### WHAT THE TASK REQUIRES
Take the whole listing and reproduce it exactly, pictures excepted.

### DATASET CONTENT
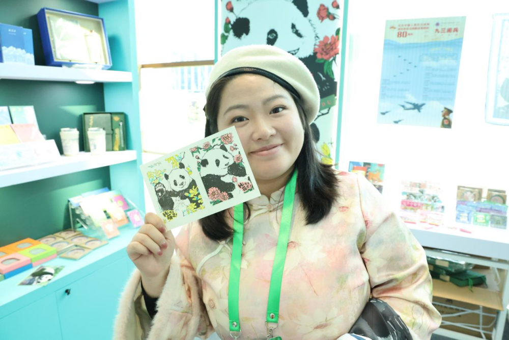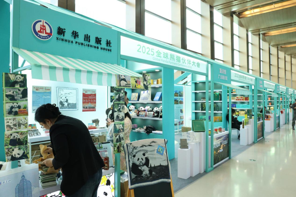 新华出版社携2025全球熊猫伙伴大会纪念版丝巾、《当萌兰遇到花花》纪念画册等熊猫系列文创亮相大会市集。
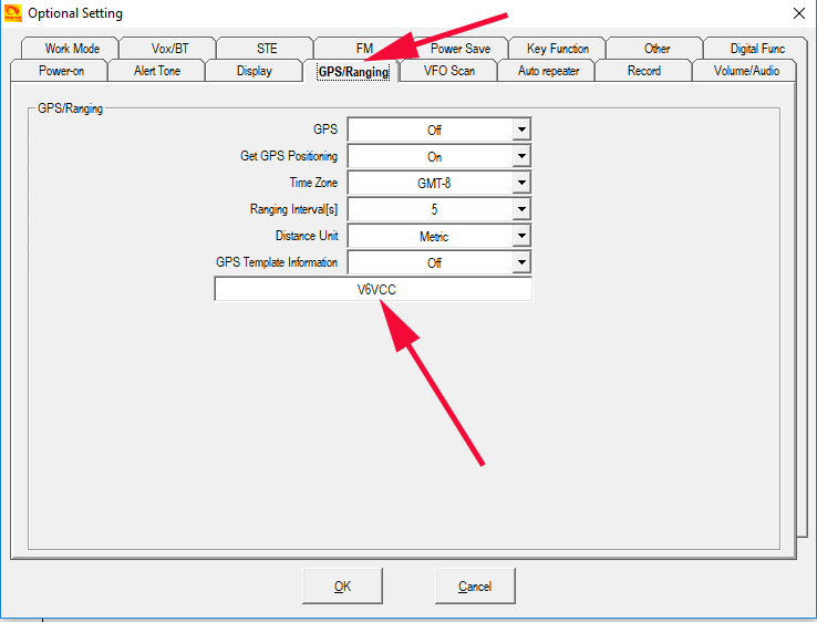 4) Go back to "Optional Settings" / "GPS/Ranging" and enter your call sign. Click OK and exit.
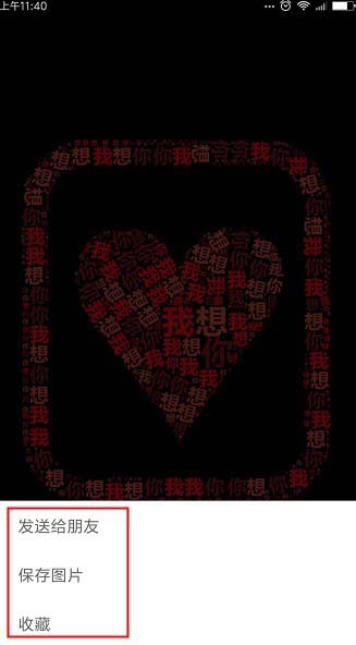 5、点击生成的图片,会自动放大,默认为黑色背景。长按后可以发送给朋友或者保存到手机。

### PROBLEM SOLUTION
 新华出版社携2025全球熊猫伙伴大会纪念版丝巾、《当萌兰遇到花花》纪念画册等熊猫系列文创亮相大会市集。
 4) Go back to "Optional Settings" / "GPS/Ranging" and enter your call sign. Click OK and exit.
 5、点击生成的图片,会自动放大,默认为黑色背景。长按后可以发送给朋友或者保存到手机。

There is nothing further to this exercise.